What would be done to that person?
They’d be forced out.
Yet Brian Cashman is still defended with such silliness as this article in today’s NY Times about the pitching issues the Yankees have had and comparisons to the far more successful Tampa Bay Rays’ method of building pitchers, keeping them healthy and productive.
Here’s the relevant quote from the piece:
“I know they have a lot younger guys, but Pineda’s young and he just went down,” Cashman said. “I know the innings here are more stressful than the innings there, no doubt about that. Throwing 100 pitches in New York versus 100 pitches in Tampa are two different stresses. The stress level’s radically different on each pitch.”
Cashman neglects to add why the Yankees’ young pitchers have been so stressed. The Rays don’t go start-to-start for a rotation spot with one bad game cause for a demotion—and they have the depth to do it if they chose to.
The Rays don’t cause a media frenzy when a pitcher isn’t throwing 99-mph fastballs as expected on March 5th as the Yankees did with Pineda.
The Rays don’t have a cookie-cutter program for their pitchers that they cling to in the face of repeated mistakes. They see what works and when it doesn’t, they try something else.
And the Rays treat their pitchers with an personal concern for the mental aspect of the game that the Yankees clearly don’t.
Currently the only thing preventing that trade from being called the aforementioned catastrophe is that Campos’s diagnosis (so far) is elbow inflammation and Noesi and Montero are still finding their way in the big leagues. If Campos is seriously hurt and Noesi and Montero get past the nascent phase of their careers and start to come of age, then what?

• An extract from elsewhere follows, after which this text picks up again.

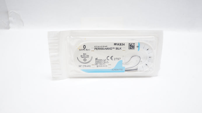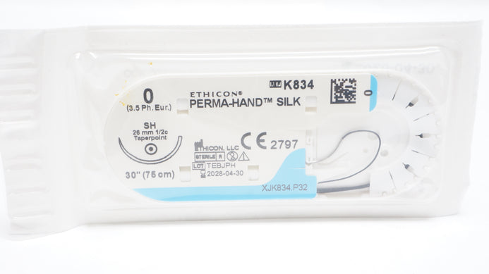 Ethicon K834 0 PERMA-HAND SILK Black Braided Suture SH 26mm 1/2c Taperpoint 30inch
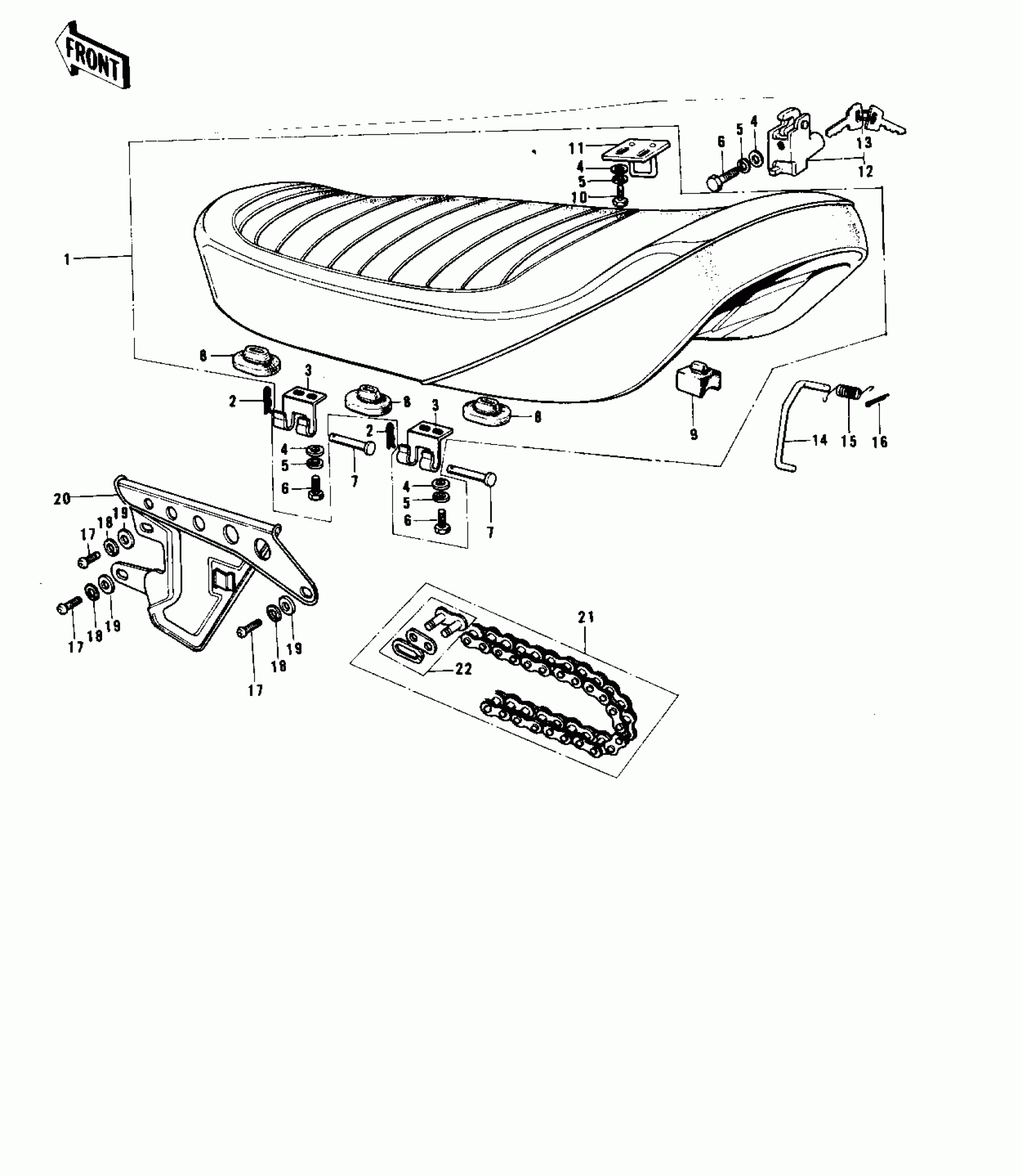 Kawasaki G5-C SEAT/CHAIN COVER/CHAIN ('74-'75 B/C) Diagram

Are we going to get another series of caveats that “you never know with pitchers”? Or are we going to hear that Montero and Noesi didn’t have the “makeup” for New York?
No one wants to hear about the “process” anymore. The Yankees are not “process” driven. For an organization that views any season that doesn’t end in a championship as an overt failure, there’s no room for “well, we’ll see” with pitchers like Pineda who was going to be a key component for this year’s championship run. No one wants to hear about a 19-year-old kid, Campos, when the Yankees have faltered in developing every hotshot young starter that’s been touted as the next big superstar over the past fifteen years.
It’s enough with the parsing.
The arrogance is stifling and tiresome. There’s a perception that even when the Yankees lose, they still win. Cliff Lee beat the Yankees with the Rangers in 2010? Okay, we’ll just sign him and he’ll be with us. But he didn’t want to sign with the Yankees. Maybe it wasn’t because he didn’t appreciate the privilege of being part of the rich tapestry of history inherent with the world’s most recognizable franchise; it might be because he didn’t appreciate his wife being spit on and cursed at during the ALCS; or maybe he just preferred the Phillies and the National League.
He doesn’t have to give a reason.
But it still comes back to controlling the story; to twisting reality to fit a narrative as Kay does with his insipid soliloquies.
And it goes back to searching the YES Network website for news about the injury to Campos and coming up with absolutely nothing as if the pitcher doesn’t exist.
Go on. Search it. Click here and see what comes up when conducting a websearch on the site of the YANKEES owned broadcasting arm by typing “Jose Campos”.
In their world, he’s whitewashed. That’s at least until they can use him to validate their continued delusions. Then we won’t stop hearing about him. Until then, he’s a ghost.
Such is life under an out-of-touch dictatorship whose glossy façade is coming apart piece-by-piece.